Принцесса Диана. Жизнь, рассказанная ею самой
Шрифт:
Рука сильная, крепкая, Мэннеки внимателен. Он всегда внимателен, я понимала, что это из-за должностных обязанностей, он мой защитник, а значит, должен быть внимателен. Но разве муж не должен?
Заклинаю всех мужей мира: если вы хотите, чтобы вас любили и уважали жены, не забывайте, что главные их защитники – это вы сами! Тогда не понадобятся отзывчивые телохранители.
Для меня супруг не был защитником ни в малейшей степени, удивительно ли, что меня эмоционально потянуло к Барри?
– Ваше Высочество, вы прекрасно выглядите!
– Спасибо, Барри, мне приятно.
Глупо
Вы понимаете, как много значит для красивой молодой женщины, давно не слышавшей ни единого слова одобрения от окружающих (не считать же таковыми фальшивые вздохи горничной, которой я не верила ни в малейшей степени: «Ах, как вам идет этот костюм!»), откровенное восхищение в глазах сильного мужчины? Он телохранитель? Но ведь от этого он не стал менее мужественным или умным.
Барри не говорил рафинированными пустыми фразами, он не прятал свое отношение за усмешкой, не смеялся надо мной за глаза. Я нравилась Мэннеки и видела это по его глазам! В конце концов, я ведь не собиралась бросать мужа или наставлять ему рога, что дурного в том, чтобы лишний раз услышать комплимент или увидеть чье-то восхищение не в толпе, когда во всеобщем восторге стирается каждый отдельный, а глаза в глаза?
Я похвалила кашемировый свитер Барри за мягкость, и он накупил себе еще кучу. Но кашемир и правда приятен на ощупь, все же, подавая ему руку, я иногда прикасалась к рукаву. О пиджаке говорить нечего, они у всех одинаковы, а рукав свитера приятен. Боже, какая поднялась волна: Мэннеки в угоду принцессе вырядился в кашемир!
И я вдруг увидела то, что повергло меня в шок: Барри испугался! Мой сильный, казалось, нерушимый телохранитель испугался за свое место. Позже я поняла, что страхи Мэннеки вовсе не были беспочвенны, бояться следовало не только за место, но и за собственную жизнь. Барри убрали сначала от меня, потом из дворца, а потом и вовсе с этого света. И никто не убедит меня, что автокатастрофа не была подстроена!
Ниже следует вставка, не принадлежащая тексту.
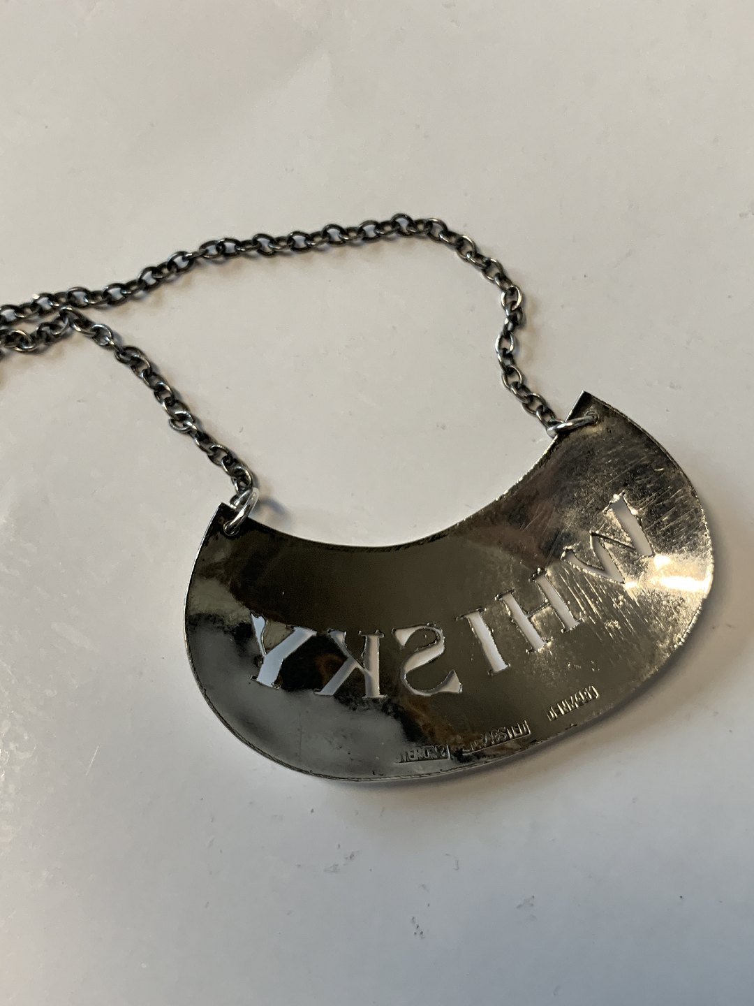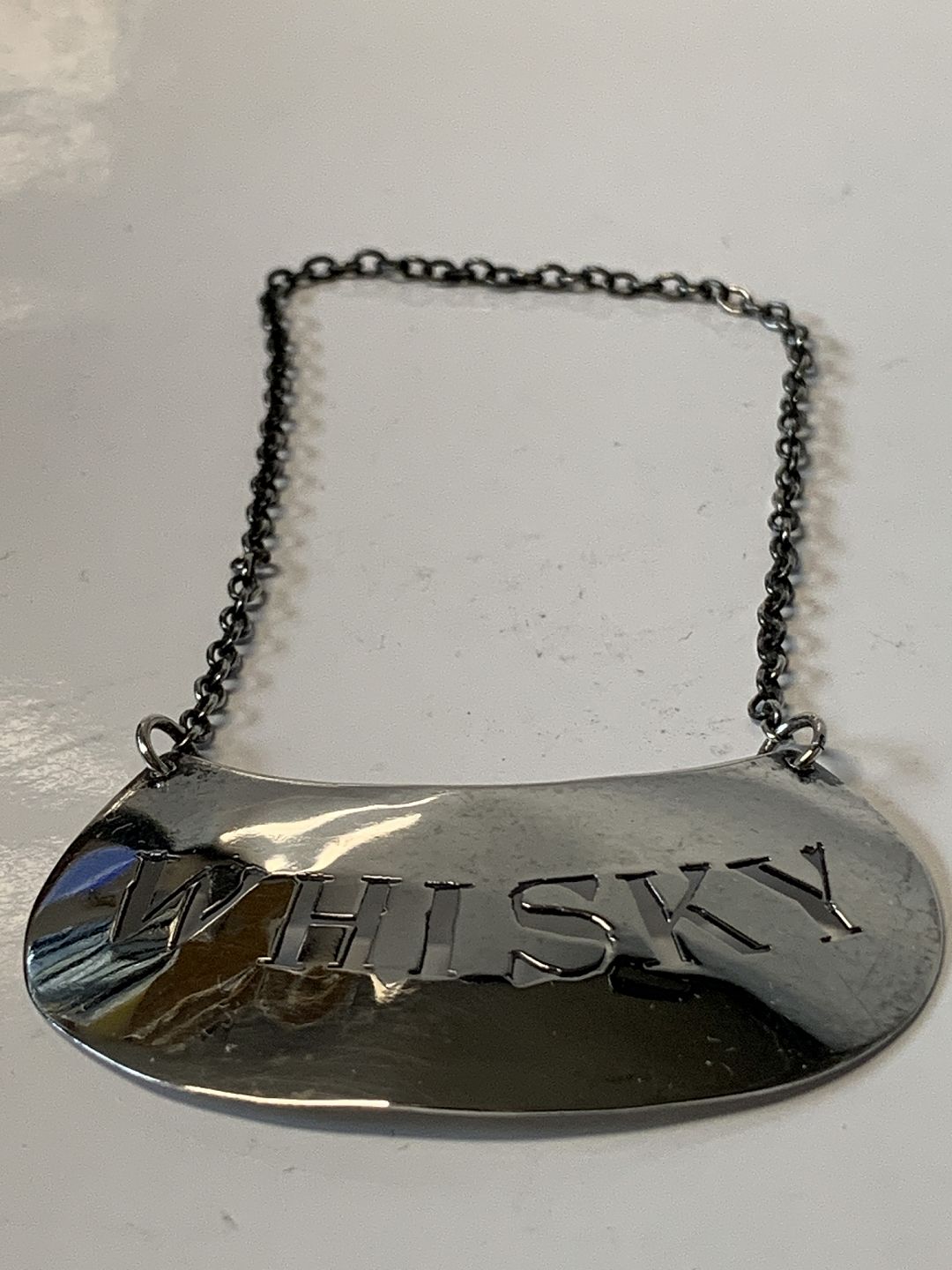 Whiskey sign, sterling, Bottle / Decanter sign. Width 5 cm. Stamped: E. Dragsted. Sterling. Nice condition.
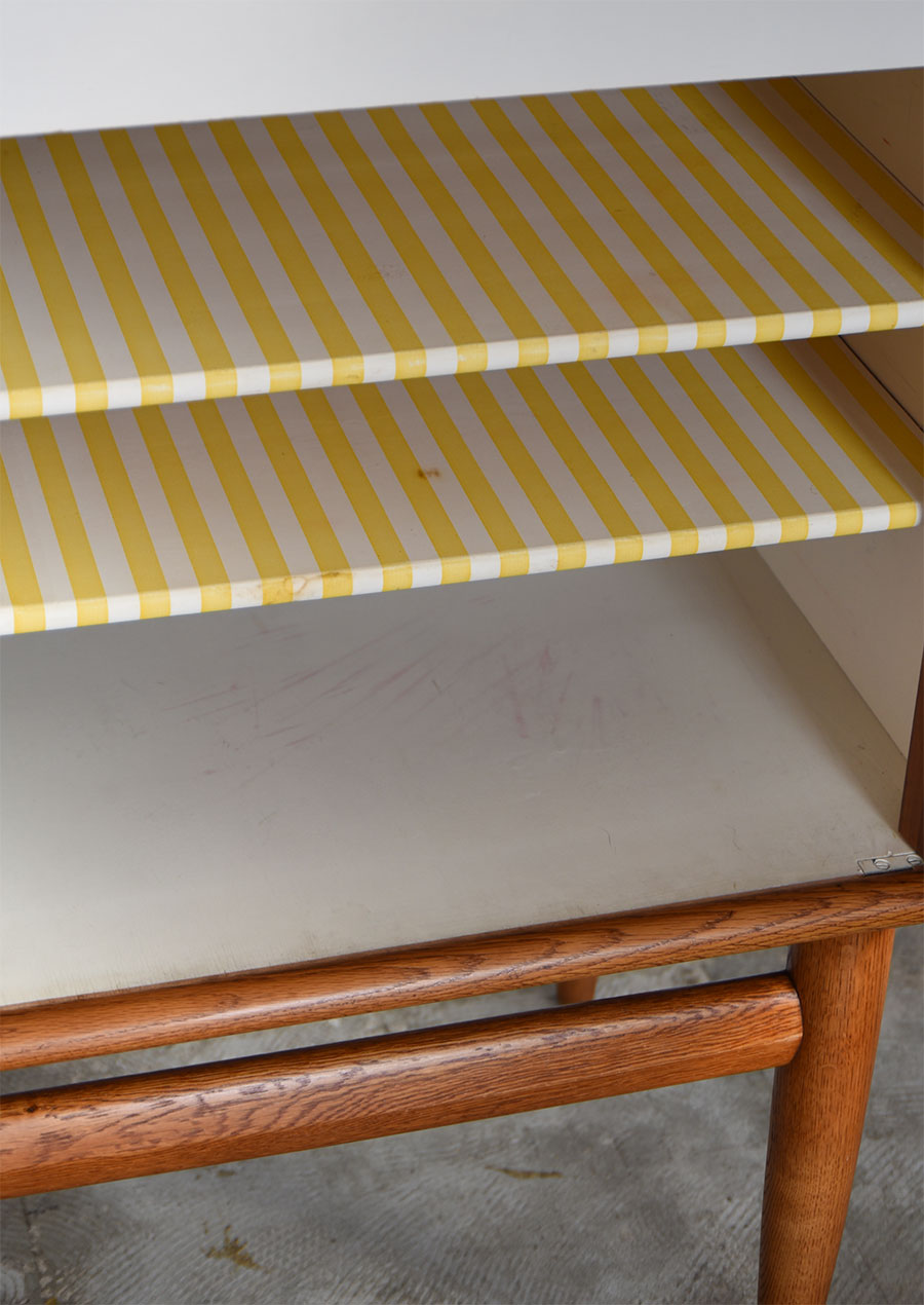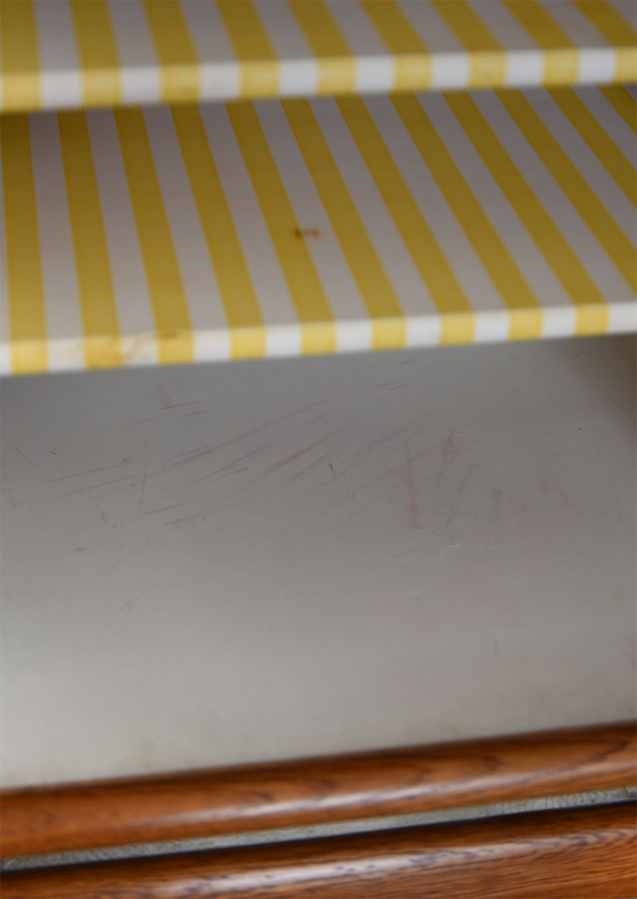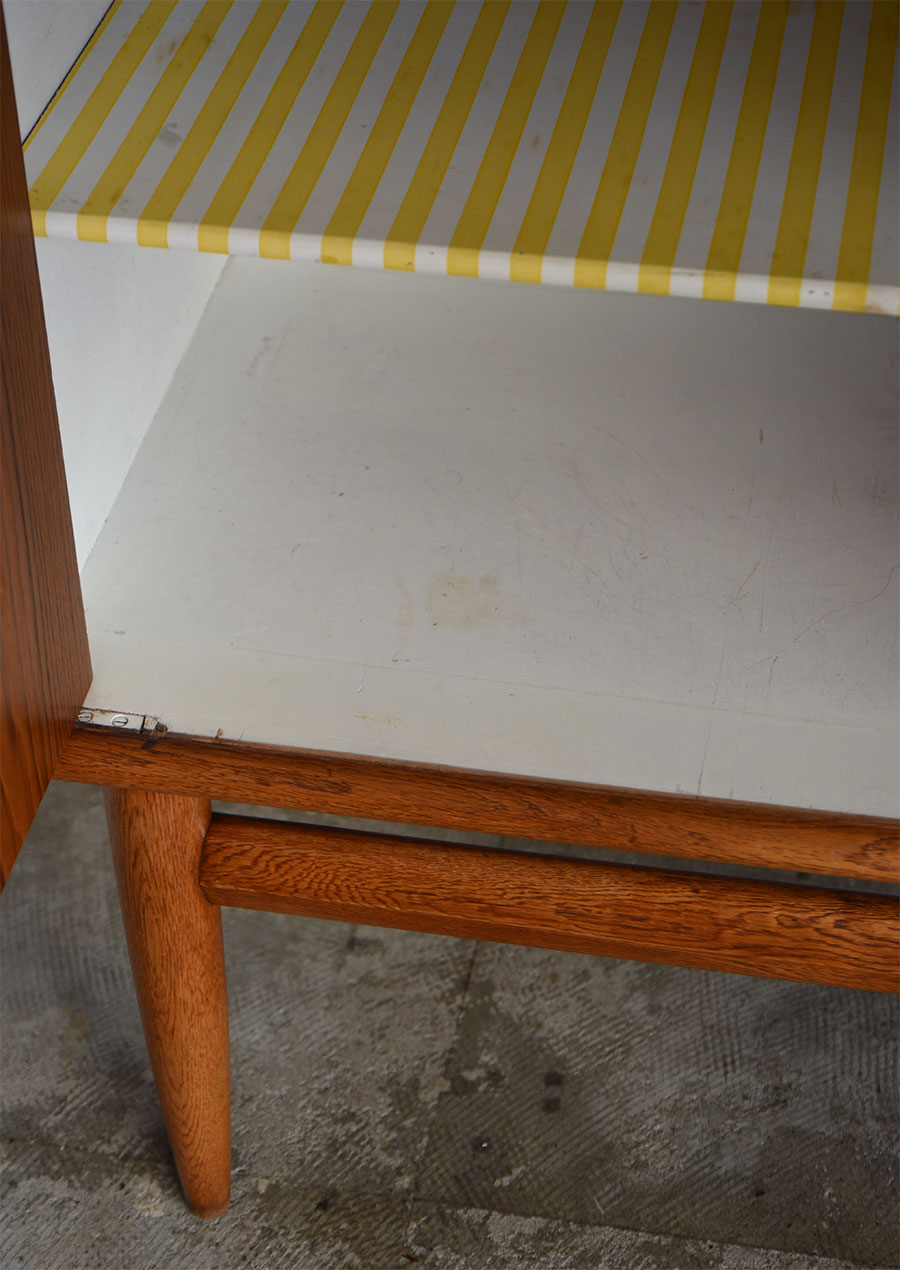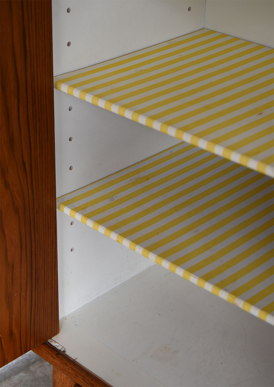 棚板はオリジナルの仕様で撥水性のあるストライプのシートが貼られています。
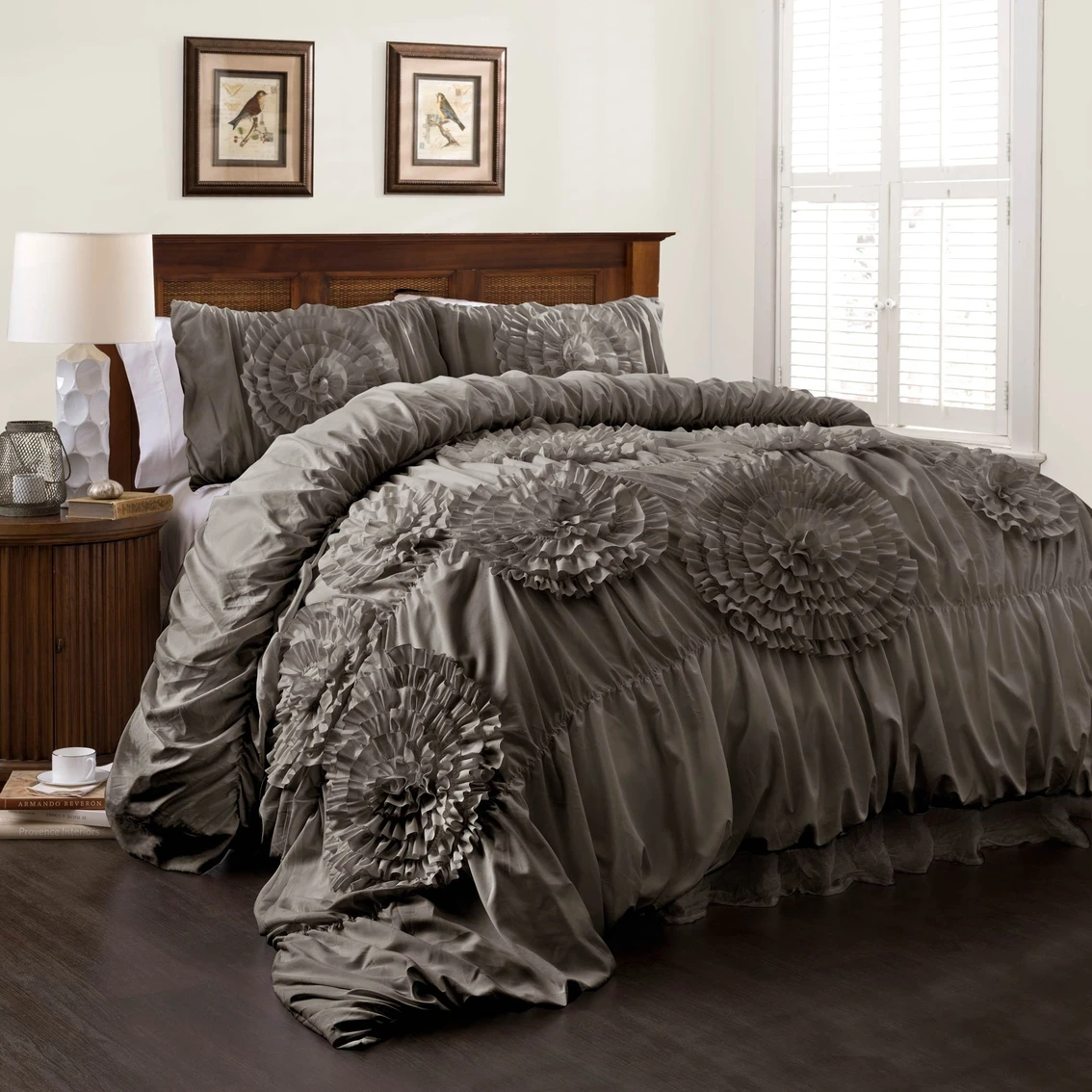 Made from heavily-brushed poly, the ruching of this Serena 3 pc. Comforter Set from Lush Decor creates a textured base which is so soft yet makes a perfect backdrop for the hand-crafted and engineered floral details. Even the pillow shams have matching floral details! Includes a comforter with quilted stitching and 2 shams.

А тогда я, поняв, что даже мой телохранитель избегает оставаться со мной наедине, например, в гостиной, принялась, напротив, вызывать такие ситуации. Я выходила или выезжала на прогулки, чтобы он оказывался рядом, Барри отказывался садиться на заднее сиденье рядом со мной, во время пеших прогулок все чаще шел на шаг позади… Хотелось крикнуть:
– Я что, прокаженная?!
Чем больше Мэннеки избегал, тем больше мне хотелось доказать всем, и ему тоже, что я ничего не боюсь. Я-то не боялась, а вот он… Иногда с ужасом думаю, что, называя Барри «мой парень», я подписала Мэннеки смертный приговор.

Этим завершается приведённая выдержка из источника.